::: COLLECTED MATERIAL :::

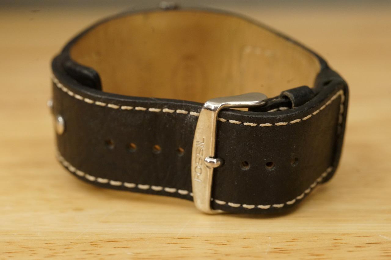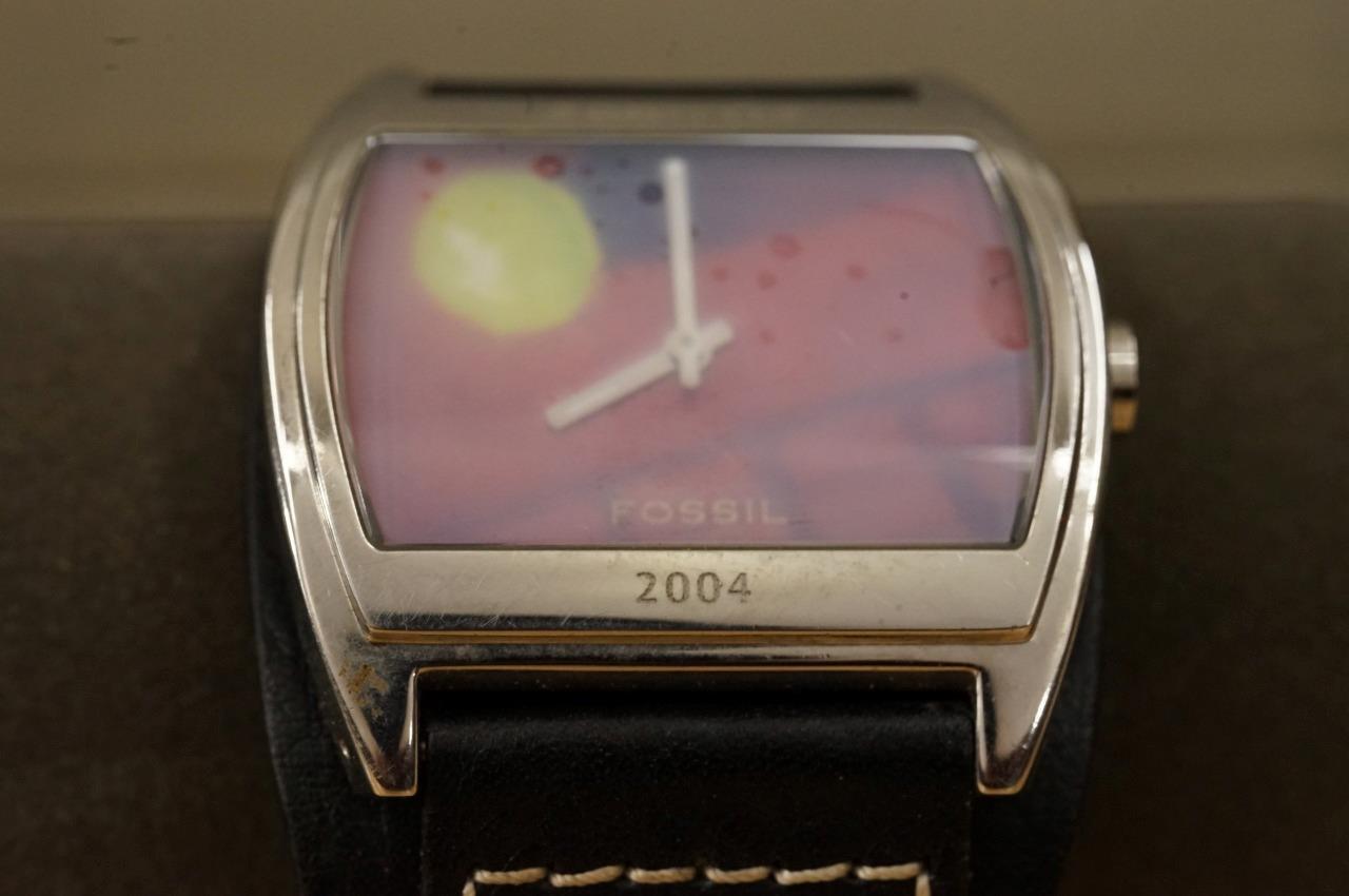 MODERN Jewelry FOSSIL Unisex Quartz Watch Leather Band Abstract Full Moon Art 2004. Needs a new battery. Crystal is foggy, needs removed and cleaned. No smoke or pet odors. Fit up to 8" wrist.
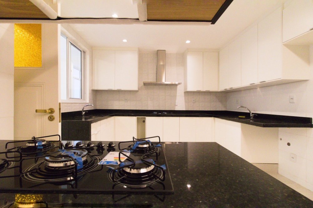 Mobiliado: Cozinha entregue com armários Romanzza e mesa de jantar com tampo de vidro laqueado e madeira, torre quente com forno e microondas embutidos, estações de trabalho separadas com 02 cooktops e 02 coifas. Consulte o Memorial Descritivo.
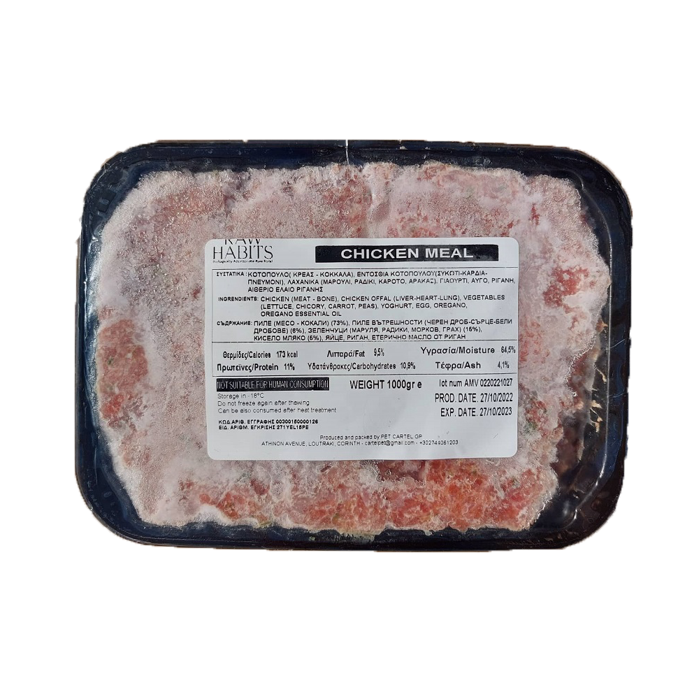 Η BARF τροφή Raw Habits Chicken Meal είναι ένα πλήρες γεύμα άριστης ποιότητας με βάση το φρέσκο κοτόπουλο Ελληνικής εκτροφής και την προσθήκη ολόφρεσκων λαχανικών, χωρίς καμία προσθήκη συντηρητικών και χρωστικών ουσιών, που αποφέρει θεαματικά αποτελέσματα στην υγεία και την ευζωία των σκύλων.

:::

# ASSIGNMENT
When you repeat the listing, keep it exact and leave the pictures behind.

# OUTPUT BELOW
 MODERN Jewelry FOSSIL Unisex Quartz Watch Leather Band Abstract Full Moon Art 2004. Needs a new battery. Crystal is foggy, needs removed and cleaned. No smoke or pet odors. Fit up to 8" wrist.
 Mobiliado: Cozinha entregue com armários Romanzza e mesa de jantar com tampo de vidro laqueado e madeira, torre quente com forno e microondas embutidos, estações de trabalho separadas com 02 cooktops e 02 coifas. Consulte o Memorial Descritivo.
 Η BARF τροφή Raw Habits Chicken Meal είναι ένα πλήρες γεύμα άριστης ποιότητας με βάση το φρέσκο κοτόπουλο Ελληνικής εκτροφής και την προσθήκη ολόφρεσκων λαχανικών, χωρίς καμία προσθήκη συντηρητικών και χρωστικών ουσιών, που αποφέρει θεαματικά αποτελέσματα στην υγεία και την ευζωία των σκύλων.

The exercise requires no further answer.